Wade’s talent has earned him accolades throughout his career. He has cooked alongside Chef Irvine on the Food Network’s Dinner Impossible and he has received numerous awards including “Best of the Fest” at the Atlanta Food & Wine Festival for his Landmass Burger, first place wins at Mississippi Chef Challenge, The World Championship of Gumbo in New Iberia, Louisiana, Sun Herald Gumbo Championship, Puttin’ on the Roux Gumbo Cook Off and the Biloxi Shrimp Festival. Tack on a second-place finish at the 2017 World Food Championships, several barbecue awards and there’s no doubt Chef Kristian knows his way around a kitchen.

Kenneth C Taylor

Kenneth C Taylor
Assistant Executive Chef
Beau Rivage

A native of Pascagoula, Miss., Beau Rivage Assistant Executive Chef Kenneth Taylor returned to Coastal Mississippi in 2015 after 25 years with a list of notable accomplishments from a host of luxury resorts and hotels.

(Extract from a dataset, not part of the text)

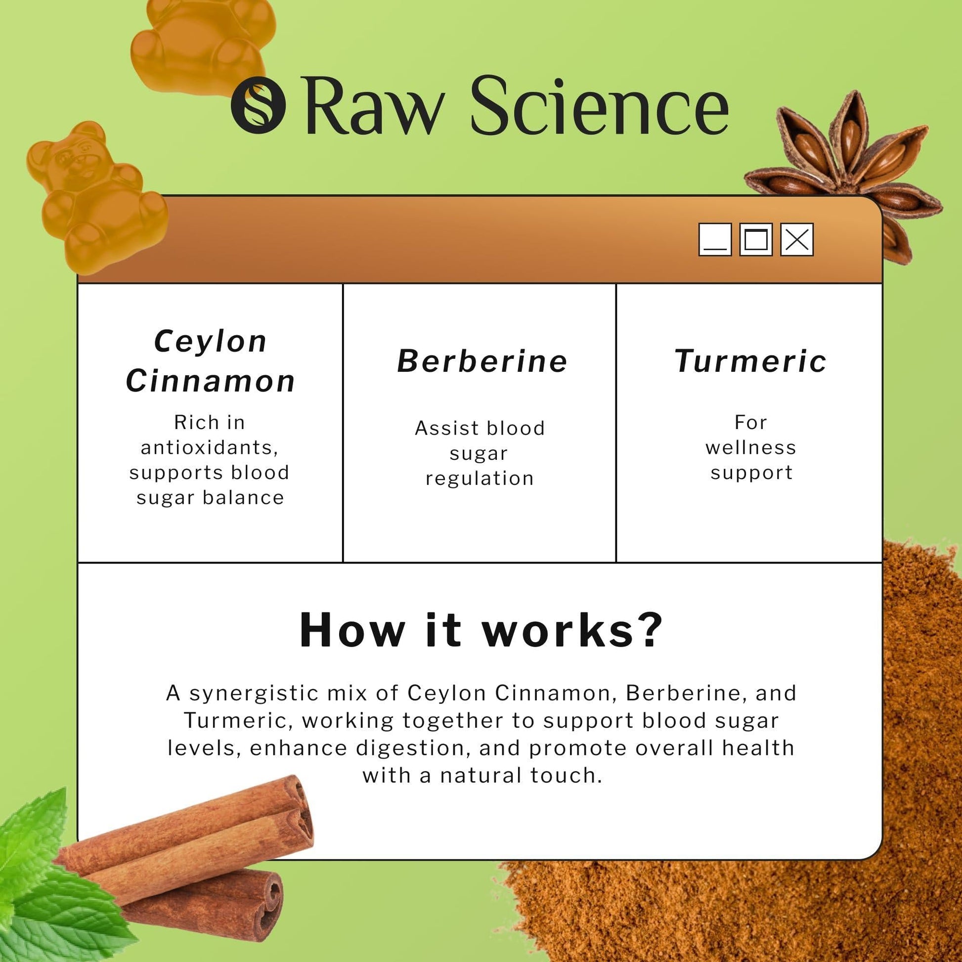 Cinnamon Gummies Blood Support Ceylon Cinnamon Bark 2000MG Blend 60 Gummies

As Assistant Executive Chef, Taylor oversees all aspects of Beau Rivage’s Food and Beverage operations at the resort’s 10 restaurants, from casual dining to Forbes Recommended fine dining.

Taylor’s love for culinary arts came during a semester internship while studying business administration that landed him in the kitchen of Walt Disney World. The experience was so impactful, he decided to pursue a culinary career.  A Culinary Institute of America graduate, Taylor has more than two decades in the hospitality industry, which started as Banquet Sous Chef at The Peabody Hotel in Orlando, Fla. Taylor’s career has taken him across the United States, including Key West, where he spent time as Executive Sous Chef and Executive Chef at LXR Luxury Resorts and most recently Los Angeles where he served as Executive Banquet Chef for Westin Bonaventure Hotel & Suites.  

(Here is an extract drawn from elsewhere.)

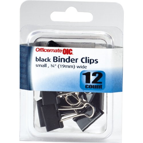 Officemate OIC Small Binder Clips, Black, 12 in a Pack (31085)

Taylor’s accolades include a seven-year member of a culinary task force, Manager of the Year at Orlando’s Hard Rock Hotel and Manager of the Quarter at Casa Marina Resort in Key West. He was also an opening team member at Loews Portofino Bay at Universal Studios Orlando in 1999, as well as Loews Hard Rock Hotel at Universal Studios in December 2000.

While trained in classical French technique, Taylor ranks Mexican food as his favorite to eat.